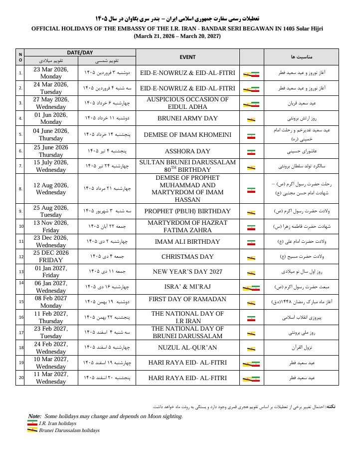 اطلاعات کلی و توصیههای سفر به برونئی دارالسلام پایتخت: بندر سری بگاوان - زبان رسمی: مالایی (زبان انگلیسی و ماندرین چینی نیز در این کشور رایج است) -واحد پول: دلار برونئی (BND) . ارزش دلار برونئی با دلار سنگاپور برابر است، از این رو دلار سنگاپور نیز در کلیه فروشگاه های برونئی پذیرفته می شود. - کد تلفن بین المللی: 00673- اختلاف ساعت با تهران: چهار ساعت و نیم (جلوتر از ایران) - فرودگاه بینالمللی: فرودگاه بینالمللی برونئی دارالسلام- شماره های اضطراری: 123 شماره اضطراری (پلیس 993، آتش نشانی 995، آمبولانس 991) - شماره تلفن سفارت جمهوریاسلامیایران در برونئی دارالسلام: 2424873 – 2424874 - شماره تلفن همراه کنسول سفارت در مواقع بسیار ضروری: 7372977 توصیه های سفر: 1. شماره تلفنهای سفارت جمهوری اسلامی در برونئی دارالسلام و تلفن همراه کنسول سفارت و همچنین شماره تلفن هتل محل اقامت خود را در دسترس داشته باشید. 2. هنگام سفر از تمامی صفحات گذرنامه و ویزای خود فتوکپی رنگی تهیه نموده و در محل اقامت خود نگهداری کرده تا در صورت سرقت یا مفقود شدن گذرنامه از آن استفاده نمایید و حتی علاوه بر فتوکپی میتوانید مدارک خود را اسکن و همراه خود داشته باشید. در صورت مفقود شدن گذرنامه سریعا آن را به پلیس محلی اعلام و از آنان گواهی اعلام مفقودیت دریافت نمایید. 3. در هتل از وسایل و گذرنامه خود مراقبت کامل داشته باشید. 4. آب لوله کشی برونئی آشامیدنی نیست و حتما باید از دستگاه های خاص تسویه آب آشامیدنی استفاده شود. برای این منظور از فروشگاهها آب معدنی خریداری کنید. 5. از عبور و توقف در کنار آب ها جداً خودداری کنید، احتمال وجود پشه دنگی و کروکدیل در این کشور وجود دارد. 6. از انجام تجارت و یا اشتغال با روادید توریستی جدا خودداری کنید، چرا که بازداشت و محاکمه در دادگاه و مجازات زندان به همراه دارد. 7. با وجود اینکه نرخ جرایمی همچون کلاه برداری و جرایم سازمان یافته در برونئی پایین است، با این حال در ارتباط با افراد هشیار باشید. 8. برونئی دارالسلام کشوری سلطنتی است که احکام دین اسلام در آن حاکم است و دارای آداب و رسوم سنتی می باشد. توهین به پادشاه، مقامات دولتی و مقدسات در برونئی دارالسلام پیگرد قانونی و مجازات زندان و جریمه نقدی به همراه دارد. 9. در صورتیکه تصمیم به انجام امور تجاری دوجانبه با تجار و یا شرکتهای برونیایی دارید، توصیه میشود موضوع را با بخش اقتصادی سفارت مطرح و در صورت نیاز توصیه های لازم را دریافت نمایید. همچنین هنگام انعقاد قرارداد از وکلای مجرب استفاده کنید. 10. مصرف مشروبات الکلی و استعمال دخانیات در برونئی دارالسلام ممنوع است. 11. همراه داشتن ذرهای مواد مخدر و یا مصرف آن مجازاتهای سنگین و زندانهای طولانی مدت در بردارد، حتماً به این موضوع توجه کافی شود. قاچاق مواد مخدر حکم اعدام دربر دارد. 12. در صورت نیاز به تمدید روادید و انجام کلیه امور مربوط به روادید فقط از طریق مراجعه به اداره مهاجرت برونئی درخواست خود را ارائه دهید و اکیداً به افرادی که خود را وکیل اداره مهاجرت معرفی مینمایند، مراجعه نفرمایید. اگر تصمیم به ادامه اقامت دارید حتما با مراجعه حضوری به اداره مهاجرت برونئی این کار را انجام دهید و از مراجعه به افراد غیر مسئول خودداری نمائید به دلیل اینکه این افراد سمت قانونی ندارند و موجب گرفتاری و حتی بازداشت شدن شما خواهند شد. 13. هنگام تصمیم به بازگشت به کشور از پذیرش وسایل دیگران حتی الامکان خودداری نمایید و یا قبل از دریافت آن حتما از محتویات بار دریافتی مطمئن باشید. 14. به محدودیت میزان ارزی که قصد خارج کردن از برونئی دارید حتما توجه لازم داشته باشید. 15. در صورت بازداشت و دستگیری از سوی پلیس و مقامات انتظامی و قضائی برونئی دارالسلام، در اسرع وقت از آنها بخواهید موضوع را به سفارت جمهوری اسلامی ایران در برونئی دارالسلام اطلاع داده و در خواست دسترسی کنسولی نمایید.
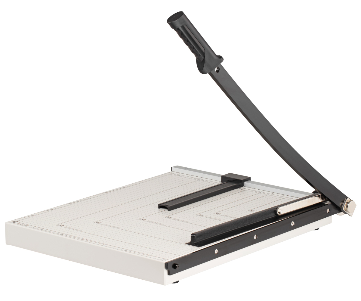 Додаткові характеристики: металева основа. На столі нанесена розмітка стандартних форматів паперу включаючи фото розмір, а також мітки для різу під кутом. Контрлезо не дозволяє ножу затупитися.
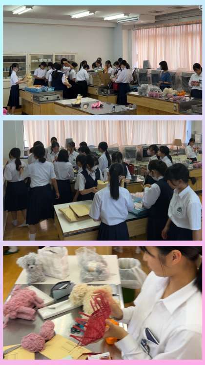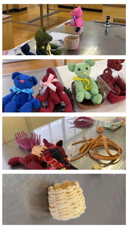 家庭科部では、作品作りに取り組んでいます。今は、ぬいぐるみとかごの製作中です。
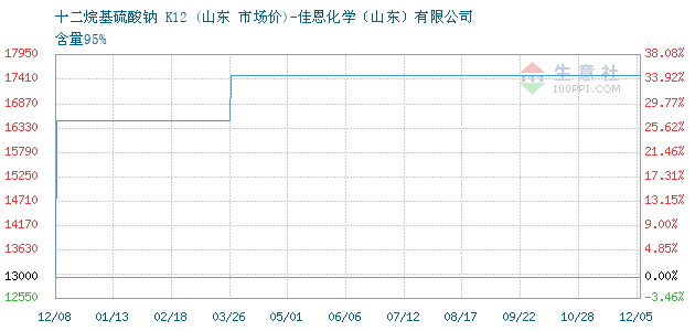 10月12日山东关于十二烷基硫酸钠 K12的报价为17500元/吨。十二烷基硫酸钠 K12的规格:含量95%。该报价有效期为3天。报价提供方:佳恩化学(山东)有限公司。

### What the exercise asks
Return the material from the line containing "Додаткові характеристики: металева" through the line containing "家庭科部では、作品作りに取り組んでいます。今は、ぬいぐるみとかごの製作中です。", exactly and in full, but without its pictures.

### Answer area
 Додаткові характеристики: металева основа. На столі нанесена розмітка стандартних форматів паперу включаючи фото розмір, а також мітки для різу під кутом. Контрлезо не дозволяє ножу затупитися.
 家庭科部では、作品作りに取り組んでいます。今は、ぬいぐるみとかごの製作中です。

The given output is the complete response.